So I finished up with part 1 of this series. I can honestly say I'm amazed with what information was provided to me for only $40 so far. Michael Mentler has a very fantastic and lucid way of breaking down the skull in its entirety to the smallest details. The lectures also present a small fade aways after each section of the skull is explained that shows (in a digitally drawn diagram) of what you just covered and what is going to be drawn next to sort of prep you for the next wave of info. Michael also goes over very common mistakes and misconceptions by addressing them the instant he reaches a specific part of the skull and explains on how to overcome making said mistakes by showing how it compares to the skeleton he makes great use of throughout his lecture. 

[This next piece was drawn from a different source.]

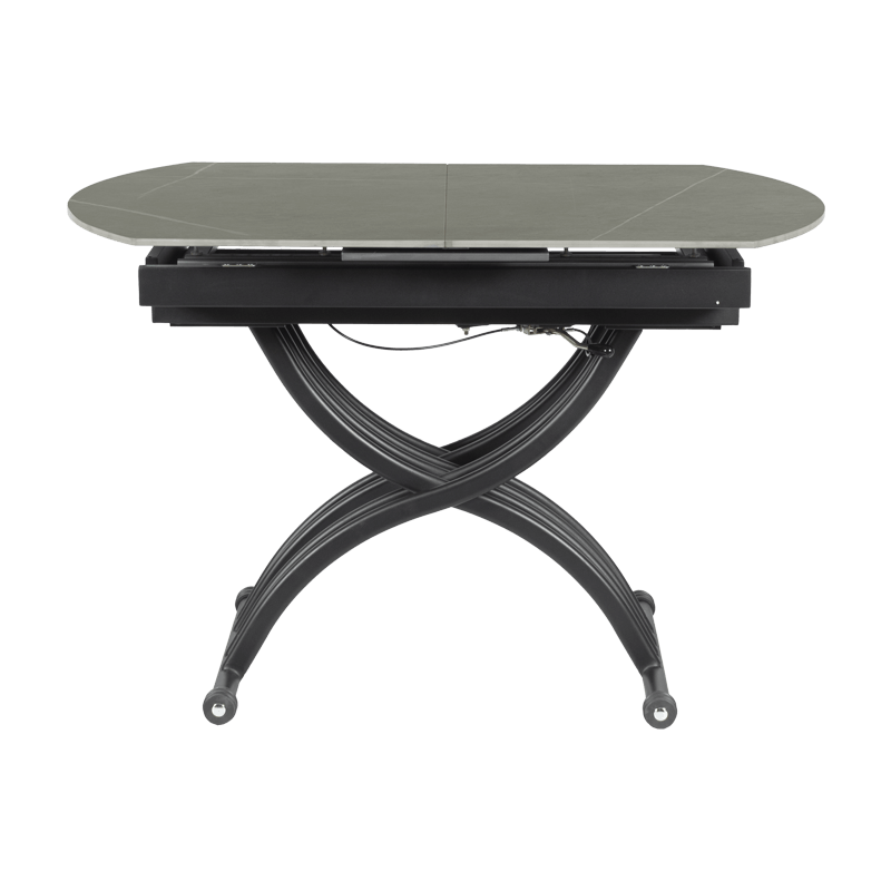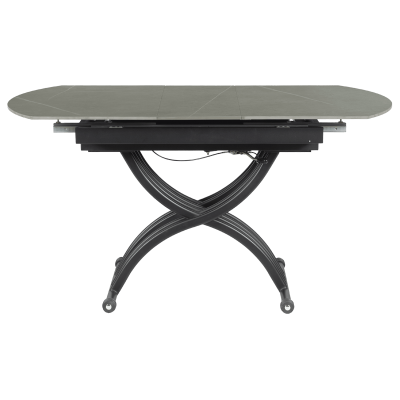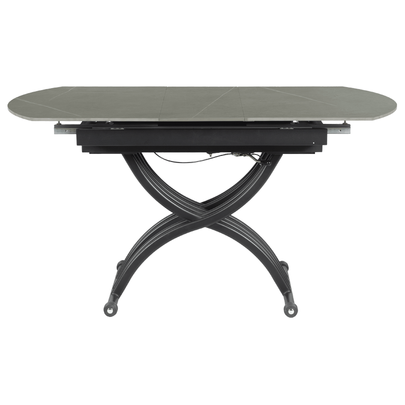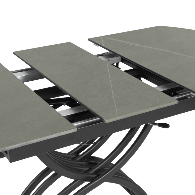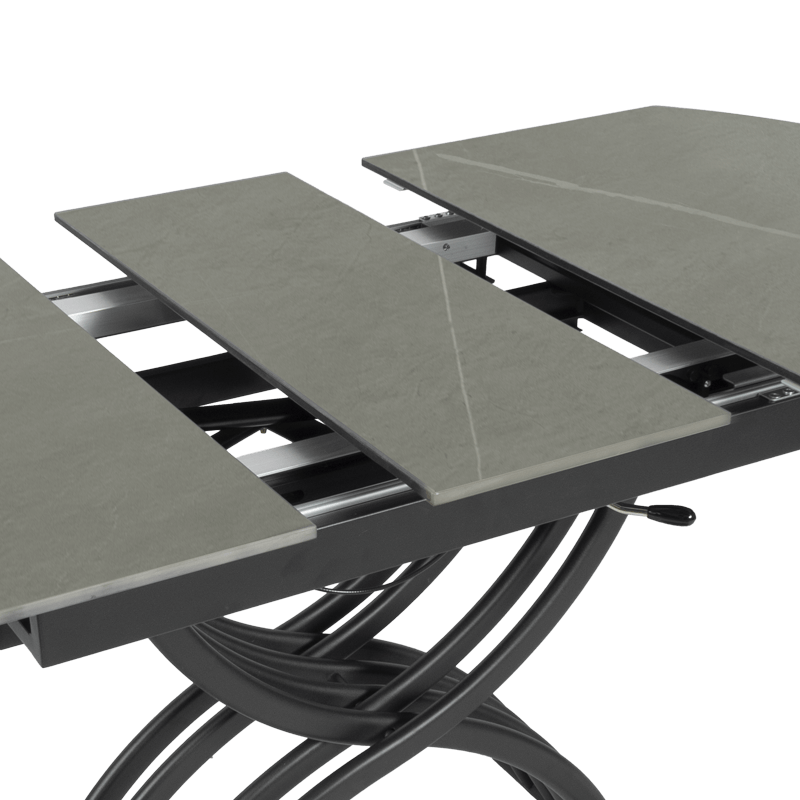 Масата е идеалният избор за тези, които търсят съчетание между функционалност и елегантен дизайн. Разполага с иновативен повдигащ механизъм, който позволява лесно регулиране на височината от 38 до 76 см, превръщайки я от холна в трапезна маса с едно движение. Разтегателният механизъм с модерна слайд система разширява плота от 120 до 150 см, като запазва широчината от 80 см. Керамичният плот осигурява изключителна здравина и стабилност, а съвременният му вид добавя усещане за лукс и уникален стил към вашия интериор. С тази маса лесно преминавате от сутрешното кафе към обяд или вечеря с приятели и семейството – всичко в един изискан и практичен продукт. Пълна информация за размерите и характеристиките на модела ще намерите в таблицата в таб/поле „Техническа информация“.

The thing I love the most about Michael's lectures is the fact that he works so closely with a skeletal model and very clearly points out the reasons behind each stroke he makes by showing you exactly what he's looking at on the skeleton. If you honestly look away or get distracted for just a second, you lose out on so much info. I found myself constantly going back a few times because I would miss a thing or two as I was drawing along side him. It's A LOT of information packed into so little time. My only real problem with the lecture is that they will have elevator music playing in the background throughout the entirety of his lecture, but it doesn't impede too much on his explanations and you completely forget its there as you continue on with the lectures. I found myself completely focused throughout the entirety of this section due to him being so well versed in how he presents the material. The editing done for the lectures is phenomenal and I highly recommend spending every penny on this lecture, because $40 is a fantastic deal for what you get here.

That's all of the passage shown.